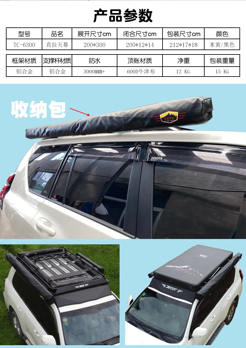 차량용 텐트, 직선형 차양막, 크로스보더 SUV 차량용 텐트, 캠핑용 알루미늄 합금 옥스포드 천 방수 텐트, 야외 방풍스토어 가기
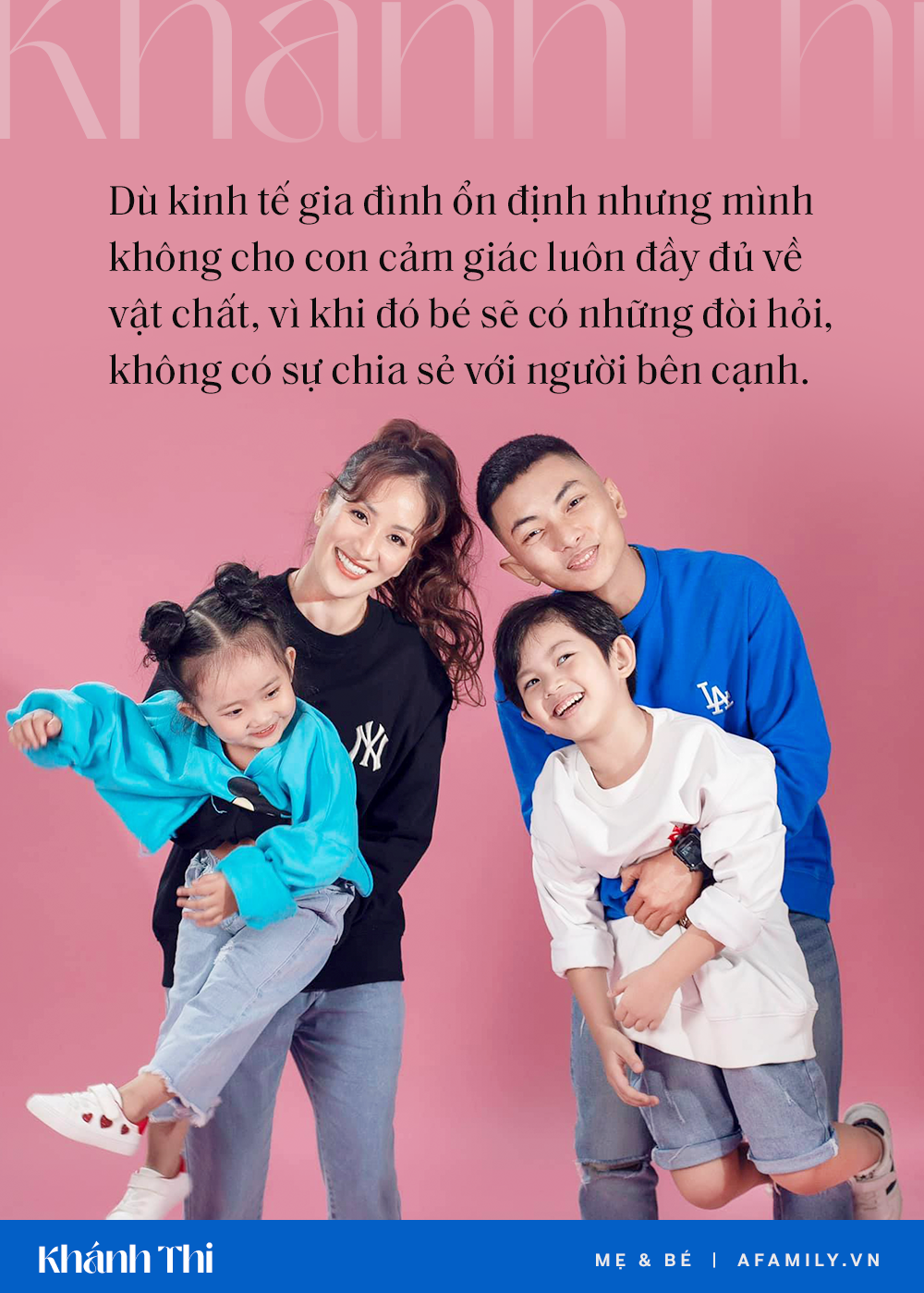 Dù kinh tế gia đình ổn định nhưng mình không cho con cảm giác luôn đầy đủ về vật chất, vì khi đó bé sẽ có những đòi hỏi, không có sự chia sẻ với người bên cạnh. Lúc đầu, mình rất thương con, mua thật nhiều quần áo, đồ chơi cho bé... nhưng giờ mọi thứ thay đổi khá nhiều. Dù vẫn thích con mặc đẹp, đáng yêu nhưng với một em bé thay đổi chiều cao, cân nặng rất nhanh thì mua quá nhiều quần áo sẽ vô cùng lãng phí. Mình cần phải rất tinh tế và kĩ lưỡng trong việc lựa chọn trang phục và mọi thứ trong cuộc sống cho các con.
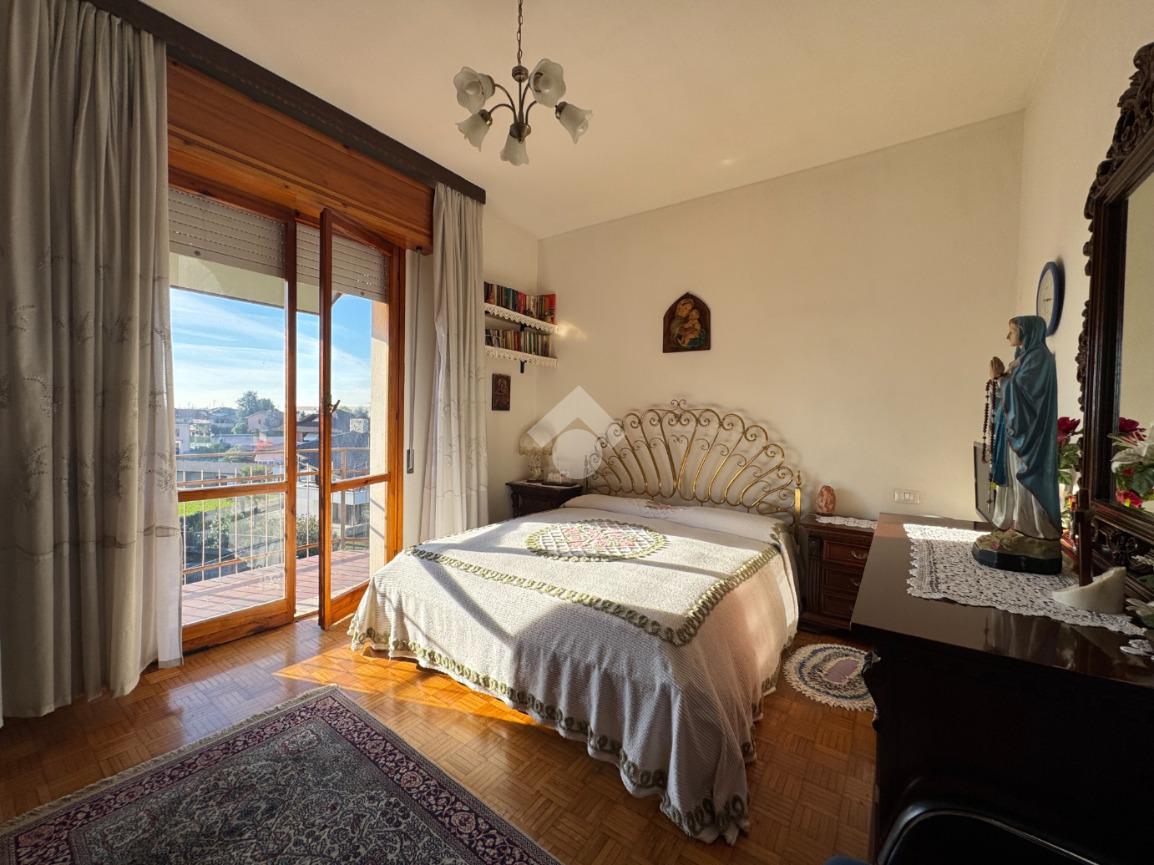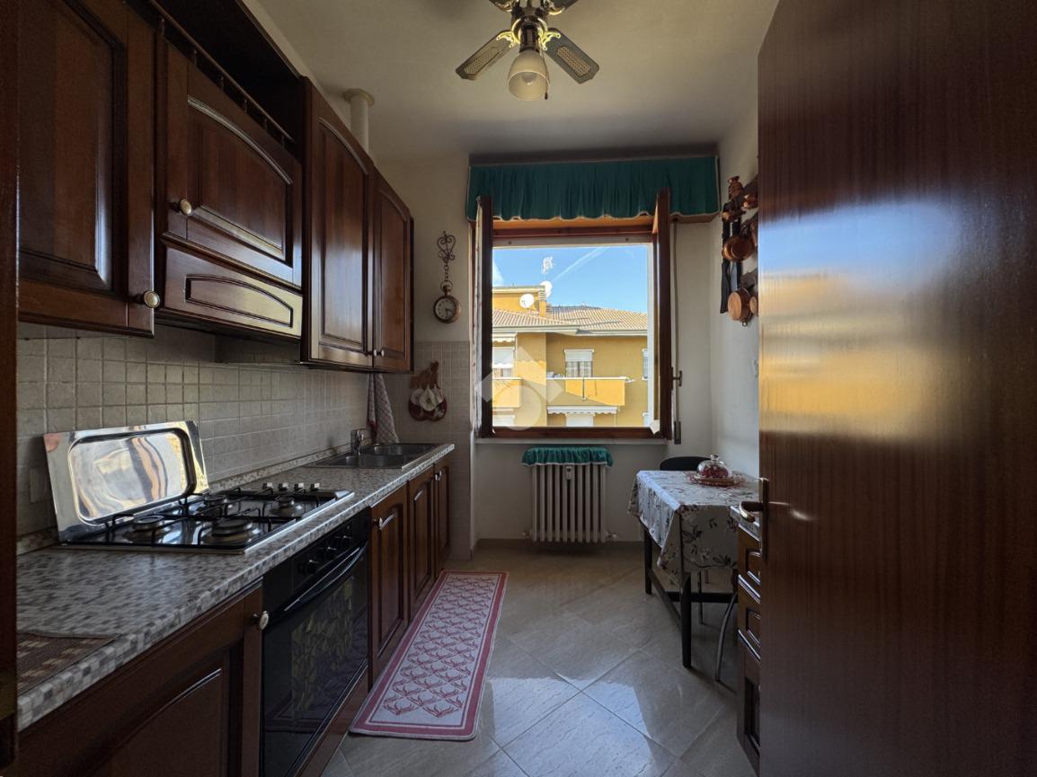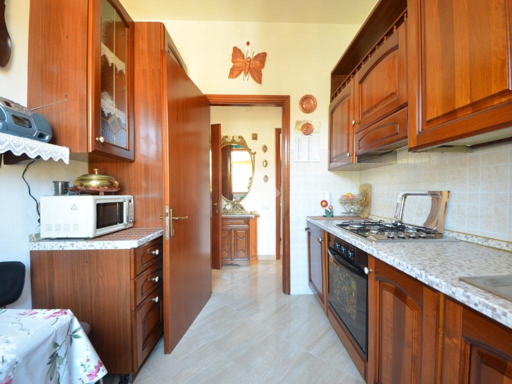 Un comodo disimpegno conduce alla cucina abitabile separata, al bagno finestrato dotato di box doccia e dalla spaziosa camera matrimoniale, con accesso diretto al terrazzo privato.

WHAT IS REQUIRED: Once the pictures are set aside, repeat the data above exactly.

OUTPUT OF THE TASK:
 차량용 텐트, 직선형 차양막, 크로스보더 SUV 차량용 텐트, 캠핑용 알루미늄 합금 옥스포드 천 방수 텐트, 야외 방풍스토어 가기
 Dù kinh tế gia đình ổn định nhưng mình không cho con cảm giác luôn đầy đủ về vật chất, vì khi đó bé sẽ có những đòi hỏi, không có sự chia sẻ với người bên cạnh. Lúc đầu, mình rất thương con, mua thật nhiều quần áo, đồ chơi cho bé... nhưng giờ mọi thứ thay đổi khá nhiều. Dù vẫn thích con mặc đẹp, đáng yêu nhưng với một em bé thay đổi chiều cao, cân nặng rất nhanh thì mua quá nhiều quần áo sẽ vô cùng lãng phí. Mình cần phải rất tinh tế và kĩ lưỡng trong việc lựa chọn trang phục và mọi thứ trong cuộc sống cho các con.
 Un comodo disimpegno conduce alla cucina abitabile separata, al bagno finestrato dotato di box doccia e dalla spaziosa camera matrimoniale, con accesso diretto al terrazzo privato.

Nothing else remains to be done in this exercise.